Unter Rückgriff auf verschiedene Methoden aus den Kulturwissenschaften, der Geschichte und der Ethnologie konzentriert sich die Forschung im Cluster Practice sowohl auf den Bereich des Alltäglichen wie Wohnungseinrichtungen, Kleidung, Körperpflege oder Ernährung als auch auf den Bereich des Festlichen (rituelle Gegenstände, Hochzeitskleider, Rosch-Haschana-Karten usw.).
Es wird untersucht, wie sich die Beziehung zwischen der jüdischen Diaspora und ihrer Umgebung in der Art und Weise ausdrückt, wie Juden und Jüdinnen Objekte entsprechend dem Geist bestimmter Zeiten und Regionen produzierten und konsumierten. Auf welche Weise trugen Objekte (nicht) dazu bei, regionale Zugehörigkeiten von Juden und Jüdinnen im 19. und 20. Jahrhundert zu festigen? Wie konnten Objekte zu verlässlichen Ankern werden, um historische und biografische Brüche zu überbrücken, die durch Migration und Exil entstanden?

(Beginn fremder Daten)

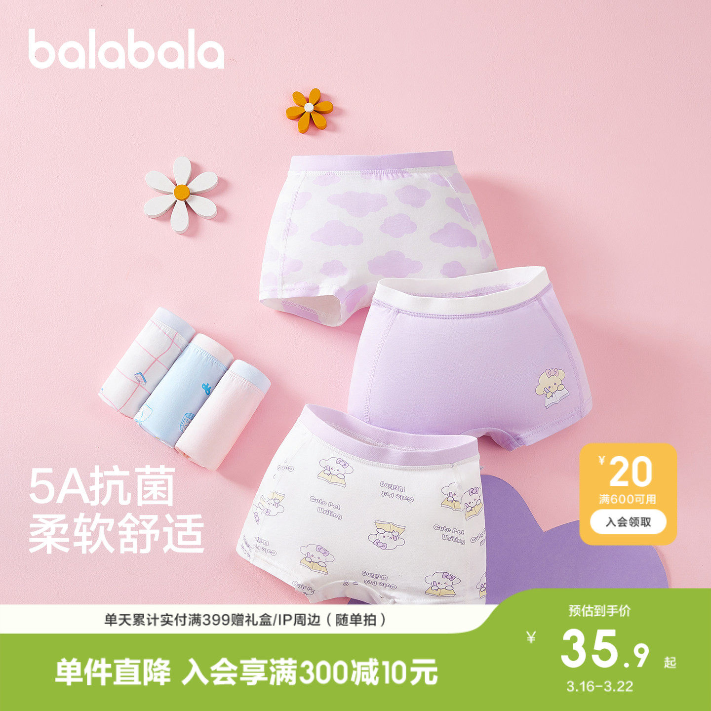 迷你巴拉巴拉儿童内裤男女宝宝抑菌不夹pp四角短裤5条装棉平角裤

Der Cluster wird sich auf die Herstellung, Nutzung und Umnutzung von Objekten und damit auf alltägliche und außeralltägliche Gebrauchsweisen konzentrieren und nach deren Veränderungen im Kontext der Moderne fragen. Dabei wird der Schwerpunkt auf verkörperte Praktiken (Kirshenblatt-Gimblett 2005) gelegt, um die sinnlichen und affektiven, aber auch geschlechtergeschichtlichen Dimension von Routinen des Objektgebrauchs in den Blick zu nehmen.
Die genaue Untersuchung der vielfältigen Praktiken der Nutzung und Umnutzung von Objekten ermöglicht es, jenseits essenzialisierender Vorstellungen von „jüdischen Objekten“ nach den Prozessen der Aneignung, Modifizierung und Übersetzung von Praktiken und Bedeutungen zu fragen. In Anlehnung an Michel de Certeau interessiert sich das Cluster für „Taktiken“, die oft die Absichten der Produzent:innen bestimmter Objekte unterwandern und den Konsum als eine aktive Praxis sichtbar machen, in der Objekte durch das Handeln verschiedener Akteure verändert werden und gleichzeitig Zugehörigkeiten qua Objektgebrauch schaffen (Möhring 2012; Schrire 2023).